Aside: the fact that the readable()
method loads the whole file and caches it
(via _get_file
) on the S3BotoStorageFile
instance is unfortunate, but on its
own it wouldn't be dangerous. It would waste some bandwidth - indeed, performing
a HEAD
request would be much better - but the memory consumption would not
exceed the amount needed for a single biggest image. Also, there's a setting,
namely AWS_S3_MAX_MEMORY_SIZE
, which controls when the temporary file "rolls
over", ie. changes its representation from in-memory buffer to a named file.
Unfortunately, the default value - 0
- means "no rollover, ever", which is
kind of dangerous on its own.
Now the question is where exactly were the references to the id_
objects kept.
Looking at the code there is no such place - the CA
list only keeps strings,
which are considered atomic by the GC, ie. they cannot refer to any other
objects; this means the CA
list couldn't have kept the processed objects
alive. The body of the loop never sees more than one id_
instance, so it's
also improbable to be the cause.
There is, however, one object which does see the whole set of IDFrontData
instances: the QuerySet
. That object, or parts of it at least, and all the
objects referenced from there, have to be kept alive until the loop finishes -
it only gets finalized and deallocated after the loop.

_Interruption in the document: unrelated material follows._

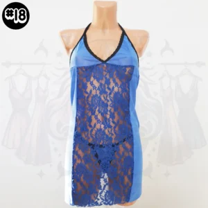 بيبي دول على شكل قميص نوم شوميز و سليب داخلي جي-سترينغ لون اخضر زيتي دونتيل و تيل، مجموعة لانجري تتكون من قميص نوم فضفاض قصير
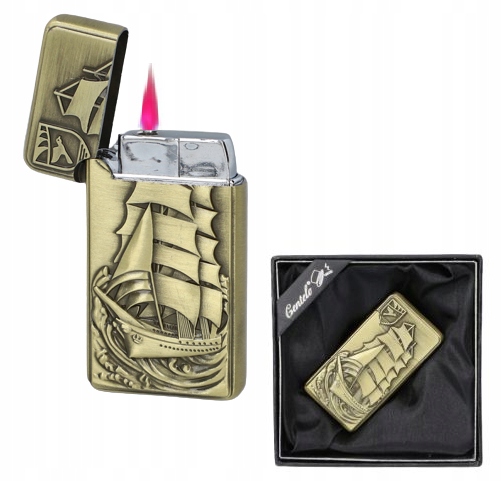 Запальничка з червоним полум'ям. Має кран для повторного заповнення газом і регулювання висоти полум'я. Упаковано в подарункову коробку.

A quick look through the QuerySet
code reveals that, indeed, there is a cache
of objects returned:
https://github.com/django/django/blob/227d0c7365cfd0a64d021cb9bdcf77bed2d3f170/django/db/models/query.py#L194
which, to add insult to injury, gets *fully* populated at the beginning of the
loop; the __iter__
method:
https://github.com/django/django/blob/227d0c7365cfd0a64d021cb9bdcf77bed2d3f170/django/db/models/query.py#L273-L289
calls a _fetch_all
method before returning the iterator over the
_results_cache
; _fetch_all
in turn uses a ModelIterable
class (by default)
over self
and calls list
on that iterable:
https://github.com/django/django/blob/227d0c7365cfd0a64d021cb9bdcf77bed2d3f170/django/db/models/query.py#L1284-L1288
The same thing happens when you call len
on the QuerySet, by the way. The
_results_cache
is only cleared when delete
or update
methods are called;
there's no (or maybe I missed it?) public method for resetting the cache.
To summarize, code like this:
for obj in SomeModel.objects.filter(...): ...is semantically equivalent to something like this:
objs = list(SomeModel.objects.filter(...)) for obj in iter(objs): ... del objs
So this is where the references were kept, which explains the memory leak: every
obj
is still reachable via the list, so they cannot be finalized and garbage
collected. Normally it's not a big deal, and this is a sane performance
optimization - the real problem comes from the model instances being *mutable*:
whatever you do to the instance (or objects referred to by the instance), even
without calling save()
on it, the changes are kept in the list until the whole
list is collected.
1. Looking more closely at the QuerySet
code we see that the _fetch_all
method
uses something called _iterable_class(self)
which returns a *generator* -
hence the cast to list
when assigning _results_cache
in _fetch_all
. There
is another public method which exposes that generator - iterator()
:
https://github.com/django/django/blob/227d0c7365cfd0a64d021cb9bdcf77bed2d3f170/django/db/models/query.py#L357-L368
That generator returns results one by one, without saving them anywhere - so, in this case, code like this:
for obj in SomeModel.objects.filter(...).iterator(): ...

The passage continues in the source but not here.